New York Governor David Paterson has ordered an emergency session for New York's Senate as the power deadlock enters its third week and the scheduled end of the legislative session arrives on Monday. A power struggle has been underway since June 8 when Republicans seized control. Arguments over who is in charge have paralyzed it since.
Said Paterson: "Government has been inoperable because of a political battle. The Senate has been unable to
deliberate, has refused any outside intervention … has rarely met and
only in acrimonious circumstances…I will call the New York State Senate … into extraordinary session on Tuesday."
The Washington Post reports: "Paterson also announced that the chief judge of the Court of Appeals,
Jonathan Lippman, had made himself available to preside over the
Senate, if both parties approve. And he threatened that if senators did not cooperate with the order,
he would convene a special session every single day until they do,
including weekends and holidays. 'There will be no tolerance for noncompliance to this order,' added
Paterson, who has no authority over the senate when in session, but is
authorized to compel it to be in session."

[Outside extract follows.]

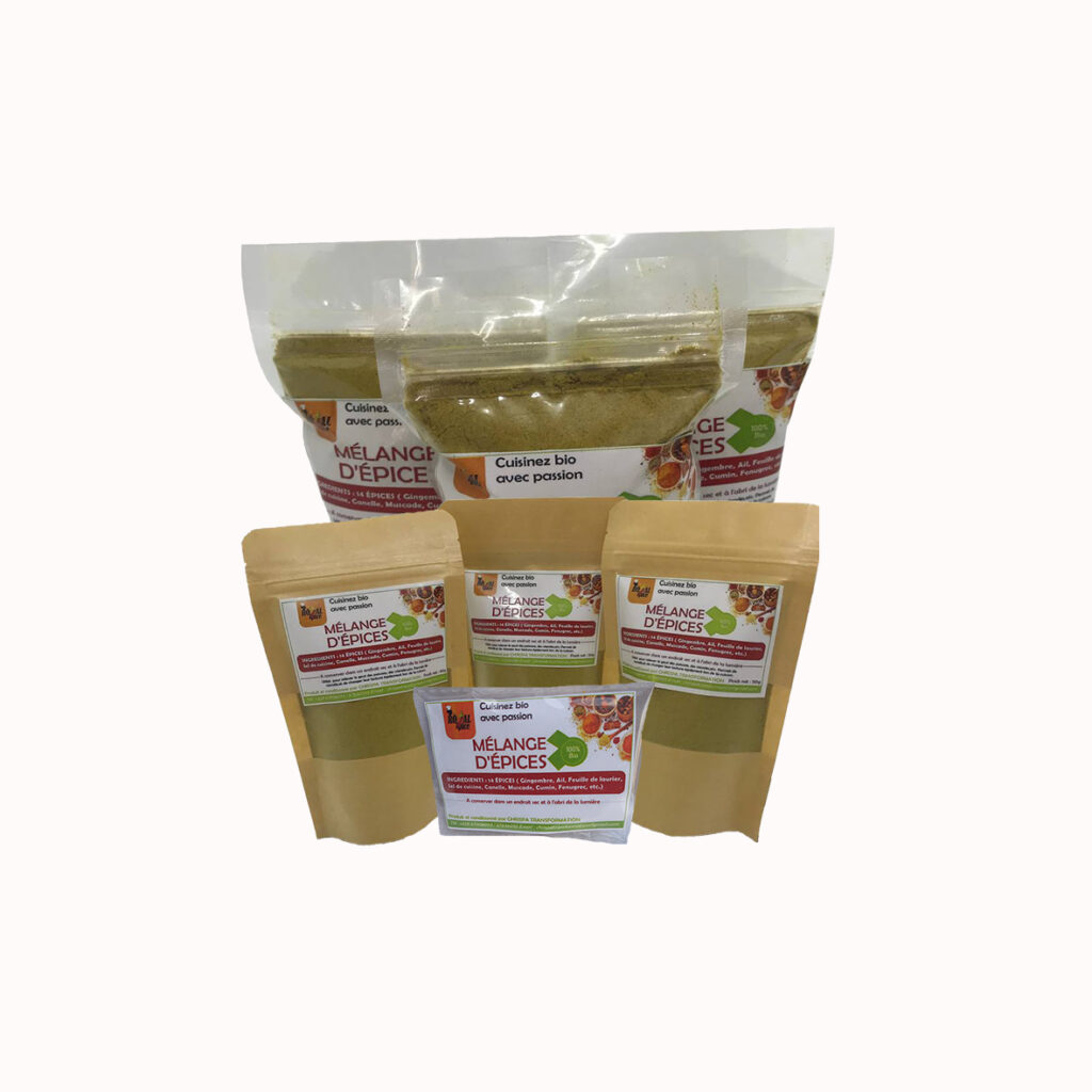 Ici, nous allons introduire les différents produits de notre marque « Royal Epice ». En effet, CHRISPA TRANSFORMATION, de par ses connaissances et expériences en production des denrées agricoles et leur transformation, s’est donné pour objectif de répondre aux besoins de la population en ce qui concerne la demande en épices de bonnes qualités et très nutritifs.

The New York Times reports that Tuesday's session will not include consideration of the marriage equality bill:
"The governor’s apparent retreat on an issue he has made a central
priority was surprising, especially because the leader of a
Republican-dominated voting bloc in the Senate has been eager to bring
the issue up for a vote. Mr. Paterson’s move does not doom
same-sex marriage, but makes it much less likely to pass in the
short-term. An aide to the governor said Mr. Paterson would still like
to see the same-sex marriage bill come to a vote in the coming weeks,
but Democratic leaders have resisted holding a vote unless it was
assured of victory."
"Not to include marriage for same-sex couples as a priority for Tuesday’s extraordinary session is an insult to millions of gay and lesbian people and their families. The majority of New Yorkers support marriage equality as does much of the political establishment across the state. New York’s elected officials were put in office to do the people’s business. Legislators cannot go home without passing marriage equality legislation this month. Our community and our allies expect this to happen. We have a commitment from the Governor as recent as last night that this bill will be a top priority. We have the support for marriage equality from leaders on one side of the aisle and a commitment that marriage equality should be a vote of conscience from the leader on the other side of the aisle. We hold the Governor and the Senate to these commitments. We expect and deserve a vote on marriage equality this week."